Practical Configuration Examples
Personal Assistant (long conversations, deep memory)
{
context: {
maxMessages: 100,
maxTokens: 32000,
ttl: {
enabled: true,
rules: [
{ maxAge: "30m", keep: "all" },
{ maxAge: "4h", keep: 30 },
{ maxAge: "24h", keep: "summary" },
{ maxAge: "inf", keep: "none" }
]
},
compaction: { enabled: true, summaryMaxTokens: 1024 }
}
}
Customer Service Bot (short conversations, fast responses)
{
context: {
maxMessages: 30,
maxTokens: 8000,
ttl: {
enabled: true,
rules: [
{ maxAge: "10m", keep: "all" },
{ maxAge: "1h", keep: 10 },
{ maxAge: "inf", keep: "none" }
]
}
}
}
Group Chat Bot (high message frequency, low context needs)
{
context: {
maxMessages: 15,
maxTokens: 4000,
ttl: {
enabled: true,
rules: [
{ maxAge: "5m", keep: "all" },
{ maxAge: "30m", keep: 5 },
{ maxAge: "inf", keep: "none" }
]
}
}
}
Monitoring and Tuning
View Context Usage
# View context statistics for a specific Agent
openclaw agent stats my-agent --context
# Example output:
# Active sessions: 45
# Average context tokens: 8,234
# Max context tokens: 28,102
# Compaction executions: 12
# Cache hit rate: 73%
Context Usage Alerts
{
monitoring: {
alerts: [{
name: "context-overflow-warning",
condition: "context_tokens > maxTokens * 0.9",
action: "log_warning"
}]
}
}
Summary
Context management is one of the most impactful factors in AI Agent operations, affecting both cost and quality.
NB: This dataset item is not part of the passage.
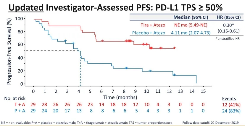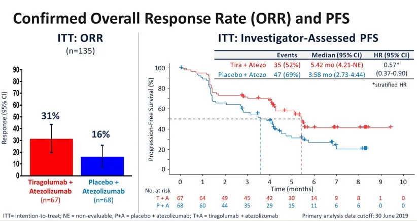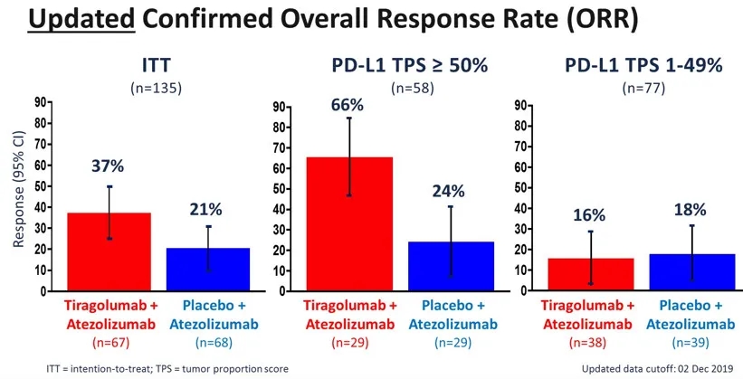 该研究得出结论:与阿替利珠单抗相比,Tiragolumab+阿替利珠单抗能显著提高ITT人群的ORR和PFS,PD-L1 TPS≥50%的亚组的改善幅度更大。两种治疗安全性相似。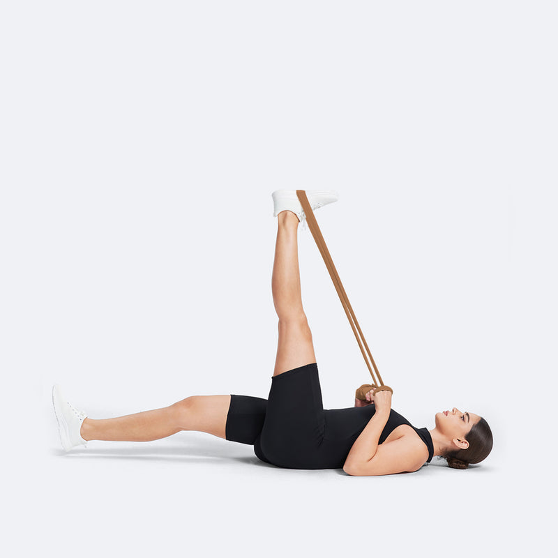 Recuéstese, la banda en la parte media del pie de la pierna derecha, la pierna izquierda plana. Sujete los extremos de la banda, levante la pierna derecha recta, luego flexione y estire la rodilla. Repita y cambie de pierna.

OpenClaw's four-layer pruning strategy — message count limit, token limit, TTL time decay, and smart compaction — provides precise control from coarse to fine. The TTL time decay strategy is a unique OpenClaw design that models the natural temporal decay of human conversation, preserving the integrity of recent context while significantly reducing token consumption for older messages. Combined with prompt caching and context caching mechanisms, you can achieve meaningful token cost optimization without sacrificing conversation quality.